It is noteworthy that the neuronal models for NA (sharpening, facilitation, and fatiguing) were initially formulated in the context of repetition of identical stimuli. In this context, the fatiguing model can only produce fatiguing of neural responses, but it can produce either fatiguing- or sharpening-like effects in (semantic) relatedness priming. If there is little to modest overlap in the neural representations of two related stimuli, then short-term adaptation can reduce the magnitude of the intermediate responses without affecting the peak response much. The more overlap between the first and second stimuli, the more “fatigue-like” the effects can be observed. Our current data set is too limited in the number of trials eliciting neuronal responses to be further subdivided in the ones with high vs. low overlap other than already inherent in our experimental manipulation. Future studies could parametrically vary the overlap of neuronal populations recruited by prime and target stimuli to further investigate this question.
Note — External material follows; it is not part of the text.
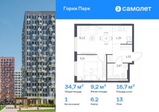 Строим кварталы для жизни с заботой о будущем. Предлагается 1-комнатная квартира комфорт-класса 34,69 кв.м в корпусе 6.2 на 13 этаже, в ЖК "Горки Парк"

NA was observed in intracranial EEG while underlying single-unit mechanisms could investigated at the same time. Previous studies of NA in the human MTL were performed with fMRI, and revealed NA in the context of higher forms of cognition such emotion recognition55, episodic memory39, and semantic processing41. There are studies assessing models of sharpening, facilitation and fatiguing with fMRI, reporting evidence for facilitation and sharpening, depending on cortical region and task8,56. These studies investigated NA in the context of face and object perception, and phenomena modeled in these fMRI studies are confined to cortical regions exhibiting macroscopic topographic organization such as neocortical regions involved in the storage of semantic knowledge57. Macroscopic topographic organization, however, is a feature that is not present in the human MTL such as e.g. the hippocampus or the amygdala58,59. Our results hence extend these findings with evidence for fatiguing and sharpening in regions of higher-order cognition that are lacking macroscopic topographical organization.
Single-unit studies in nonhuman primates, in contrast, mainly investigated lower-level perceptual processes and recorded single-unit activity only17,18,21,22. Connecting findings from non-human single-unit studies with human fMRI studies has been difficult as different species, tasks and anatomical regions were investigated. Having data on both the micro- and the meso-scale simultaneously hence critically extends previous work as we report NA on the meso-scale together with data on the micro-scale in the same anatomical regions of the same subjects performing the same task.
The dominating psychological model for semantic-relatedness priming is the spreading activation model10. In our data we do not find evidence in favor of this model as neither iEEG nor single-unit activity was increased pre-stimulus in the primed vs. the control condition. As the spreading activation model leaves the biological implementation open, it is conceivable that the measures we record are insensitive to residual activity spreading through the network. For example, spreading activation could result in subthreshold activity, i.e., excitatory or inhibitory postsynaptic potentials (E/IPSPs). More recent computational models explain NA and behavioral facilitation in terms of, e.g., predictive coding4 and Bayesian surprise60. While most of these models of high-level abstract cognition such as sentence understanding usually remain vague with respect to their precise biological implementation, the latter sentence gestalt model60 suggests that as semantic knowledge and expectations are updated by repeated exposures of semantic relationships to the network, a shift of labor from unit activity to synaptic connections may be responsible for overall reduced spiking activity for less surprising (primed) stimuli. Both the measurement of EPSPs and IPSPS for the spreading activation model, as well as measurements of synaptic strength unfortunately still go beyond what is currently possible to assess in human intracranial in-vivo electrophysiology.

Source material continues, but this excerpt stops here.